Спустившись по крутой и тёмной каменной лестнице, Роберт глубже натянул на голову капюшон, пришитый к его крестьянской куртке и, минуту поколебавшись, сильно толкнул наружную дверь. Навалившись всем телом, он с трудом открыл её и ступил наружу. Страшный порыв ветра едва не повалил его, сорвал капюшон с головы и заплясал вокруг, словно радуясь, что нашёл себе новую жертву. Но подросток мужественно справился с ним, снова нахлобучил и крепко привязал капюшон и решительными шагами направился к пустой конюшне, открытые узкие окна которой смотрели на него мрачно и неприветливо. Там в ловушках, поставленных им среди ворохов гнилой соломы, надеялся он найти пищу своему любимцу.

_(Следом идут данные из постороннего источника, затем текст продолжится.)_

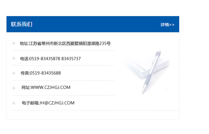 地址:常州市新北區(qū)友邦商務(wù)大廈1幢16、17層  電話:0519-85101652  傳真:0519-85112595  郵編:213022  網(wǎng)址:www_cz-jiayue_cn.srsy888.com  郵箱:xiajifengaa@163.com

Уже смеркалось, и в конюшне было почти совсем темно, но Роберт хорошо знал дорогу: немало весёлых часов провёл он здесь, лаская великолепных лошадей и помогая конюхам чистить их и убирать. Когда по приказанию сэра Эгберта лошадей уводили в замок Локслей. Роберт стоял на горе со сжатыми кулаками и стиснутыми зубами, но молчал. Не хотел он посторонних людей делать свидетелями своего горя. Но когда повели его любимого Забияку и конь повернул умную голову и грустно заржал, он не выдержал и бегом бросился в сторожевую башню — последнее пристанище, оставленное ему «заботливым» опекуном.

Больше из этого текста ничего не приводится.